Deficiencies in any area can be simultaneously morally reprehensible and commercially catastrophic: for business examples, consider the announcement of shut down of affiliate programs like Skybet, or at an industry level the complete ban set resorted to by a frustrated regulator in Italy.

AI: Do you agree with the notion that an affiliate compliance focus is long overdue?

JZ: Yes, something has got to change in the affiliate space to maintain relevance. Whilst licensed operators are now moving toward a more educated and well-resourced compliance, this is often not the case for small and medium sized affiliates, who are less likely to have dedicated staff and struggle to find relevant training. Historically, the tone and content of industry specific training has always been tailored towards operators.

With enhanced scrutiny around advertising practices in all the major regulated markets, it’s obvious that things cannot continue on the current trajectory. Affiliates need to take control and start self-regulating, before they become subject to punitive reactions from rightly-aggrieved regulators. At Affiliate Fest, we spoke about the formation of a trade body; this has been on the cards for a while now and I think is an essential measure to create a unified voice and even the playing field.

In the UK market, whilst it’s always been assumed in the spirit of the regulations, from 31st October Licence Conditions and Codes of Practice (LCCP) social responsibility code provision 1.1.2 will be updated to specifically refer to affiliates. This code provision is in relation to ‘responsibility for third parties’ and confirms that it is the licensees’ responsibility to ensure any third parties conduct themselves as if they were bound by the same licence conditions. The same wave of changes has elevated the requirement to comply with ASA codes from an ‘ordinary code provision’, which sets an expectation around good practice, to a ‘social responsibility code provision’, which sets a requirement.

Breaches of social responsibility code provisions could be subject to the full force of the Gambling Commission’s regulatory powers, including financial penalties. Effectively, if an affiliate doesn’t comply with ASA codes and LCCP, the UK GC can act against the licence holder. On the whole I’m delighted to see that compliance is being taken more seriously by both affiliates and operators alike, it’s simply a shame that it’s taken regulatory enforcement action as a catalyst.

AI: What should a good affiliate business be doing in terms of compliance?

JZ: The first step is identifying what compliance means to your business, identifying those areas of direct and indirect application and understanding why this is necessary. Without a robust understanding of why this is required it will be difficult to gain collective buy in and co-operation from the whole business and thereby create a compliance culture. An open dialogue with advertising partners is always key, as is affiliates educating themselves and understanding what their responsibilities are.

In the UK, compliance with the ASA’s CAP and BCAP codes is a good starting point, as is an understanding of the ICO’s and CMA’s guidance. That said, a black and white approach does not work: you need to balance commercial consideration with the spirit of any ad codes, remote gambling rules, regulation, etc. It’s also incredibly important that affiliates document their compliance procedures as well as record their success in following them. It is often the case that affiliates have good practices which are undocumented and unrecorded, which provides no protection when they are challenged.

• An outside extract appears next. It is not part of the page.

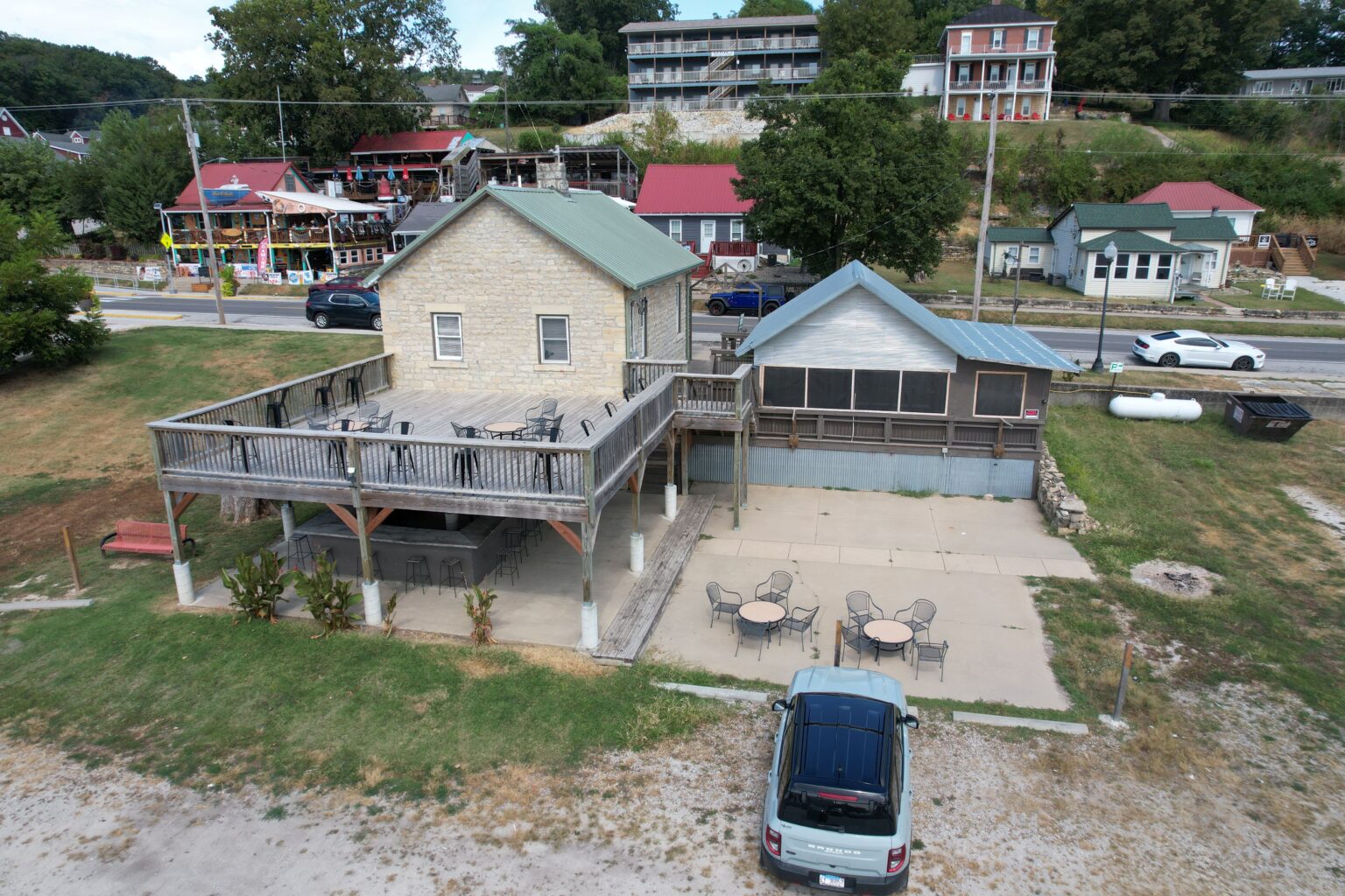Now is your chance to pursue your dream venture in bustling Grafton, Illinois! Formerly the Piasa Winery, this turnkey commercial property is located in the heart of Grafton along Main Street amongst the most popular bars, restaurants and shops. The largest public parking lot in Grafton is located directly behind the property, maximizing the impact of this 75’x90’ lot. Features on the property include: A) Stately 1500sqft stone building with a bar and kitchen area on the main level, 3 restrooms, cozy basement room with electric fireplace (perfect for intimate special events!), trade fixtures convey including beer and wine coolers. B) 28’x28’ covered outdoor patio that comfortably accommodates guests spring through fall with portable heaters to use in cooler months. Trade fixtures convey including TV, patio furniture, tables, etc. C) 30’x30’ deck recently installed with a great view of the river. D) Outdoor bar below the deck. City water and electric. Windows, furnace and tankless water heater new in 2019.
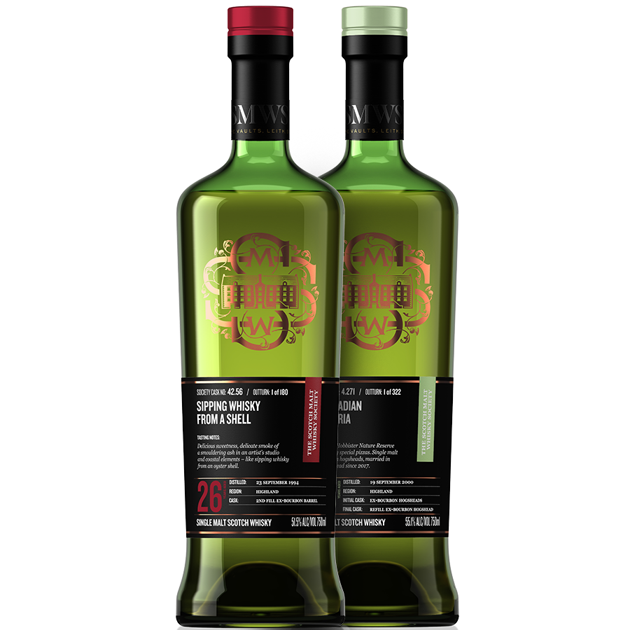 Treasure Islands presents two exquisite black label casks that offer exceptional maturity and complexity from two stunningly beautiful isles of Scotland. Cask No. 42.56 Sipping whisky from a shell is a 26-year-old peated whisky from the Isle of Mull. Whilst the smoke is more nuanced at this age, the coast is calling in this pristine expression. Subtlety of flavours and richness of texture make this a very special dram, indeed. Cask 4.271 An Orcadian peatzeria invites us to experience a 'stunning' malt from the Orkney Islands. 20 years in ex-bourbon cask has created a beautifully perfumed smokiness that exudes the elegance of this member favorite distillery. Embark on this transportive taste adventure as liquid treasure is uncorked, you truly deserve it!

Proper and relevant training is also an important part of the process. As I identified above, traditionally there has been too little provision in this area, but industry-specific eLearning services such as the SMP Compliance Academy (smpca.com) are moving to address this gap.

AI: What are your broad predictions for how the affiliate industry will develop over the remainder of 2018 and beyond?

JZ: I expect we’ll see a more pragmatic approach towards compliance. We are seeing an avalanche of enquires from affiliates who want to get their communications and campaigns right and educate themselves and their teams. We’re going to see an uplift of third party services and tools like Rightlander (rightlander.com) being utilised across the board to aide affiliates in staying on track and removing the requirement for manual intervention.

The affiliate market is highly competitive, even saturated. As a result, the big winners going into 2019 will be those with niche specialisms that give them a clear competitive advantage. Compliance is likely to be one of the areas where innovative affiliates can carve out such an advantage, by reacting quickly and providing operators with confidence that they can deliver sustainable results in line with the standards the regulator expects of the operator.

Visit the SMP eGaming website here.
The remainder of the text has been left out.